[skimr] use a string vector to select which columns to skim

I want to use skim inside a function. The function accepts a string vector which identifies which columns to skim. Example:

library(skimr)
n <- 10
foo <- data.frame(pin = rnorm(n), deltap = rgamma(n, 1), t = runif(n), name = letters[1:n])
selected_columns <- c("pin", "deltap")

I want to apply skim to pin and pout only, but their names are passed as strings. How can I solve this? This is an example of the function I’d like to use:

skim_on_selected <- function(x, selected_columns){
  skim(x, selected_columns)
}

Of course this is not going to work. Also, I’d prefer to use ..., like in

skim_on_selected <- function(..., selected_columns){
  skim(..., selected_columns)
}

But I can accept a solution where the number of parameters in input to skim is fixed.

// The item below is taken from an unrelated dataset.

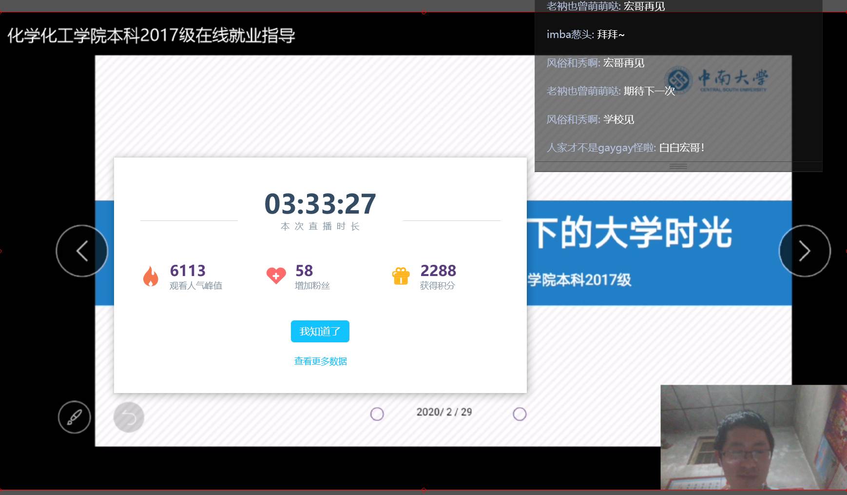 为保证2020年春季学期工作顺利开展,帮助学生顺利过渡到学习状态,做好居家学习生活安排、职业生涯规划以及简历制作等方面内容,2月29日晚,英国正版365官方网站年级大会在bilibili直播间举行,年级大会由辅导员刘世宏主持。会上,294名同学及部分学生家长与支持人一起,就后期学习安排、疫情防控、新学期相关重点工作安排、个人发展规划以及简历制作等等进行了线上交流。

NOTE: I guess that in a sense this is a question more related to tidy evaluation, than specifically to skimr, but hopefully you can help me anyway :slight_smile:

ping @elinw @michaelquinn32 thoughts?

Why not this?

a<-c("Sepal.Length", "Petal.Length")
skimr::skim(iris[a])
2 Likes

Why not, indeed :grin: sometimes we need others to help us see things that are right in front of us. Thank you @elinw!

Hi Andrea!

Sorry for the delay.

You can also use rlang to select the columns that you want.

library(skimr)
library(rlang)
cols <- c("Sepal.Width", "Petal.Length")
skim(iris, !!!cols)

You might also consider writing your function to pass along a ... argument, which would then play nicely with all of dplyr’s select helpers (which we support).

my_skim <- function(data, ...) {
  skim(data, ...)
}

my_skim(iris, dplyr::starts_with("Sepal"))

I hope that helps. Please let me know if there is more that I can do.

1 Like

@michaelquinn32 this is even better! I prefer passing a my_skim function to the function my_fun which has to use it, rather than modifying my calling function to pass a “reduced” dataframe to skim, because I then pass my_fun to sapply and apply it to a list of files…I would select your answer as “closed”, but I cannot see a tick-box below your answer.

On second thoughts, I can do the same with @elinw answer (create a my_skim function to pass around):

my_skim <- function(data, ...) {
  skim(data[selected_columns], ...)
}

Good to have options, anyway! Thanks to both for helping!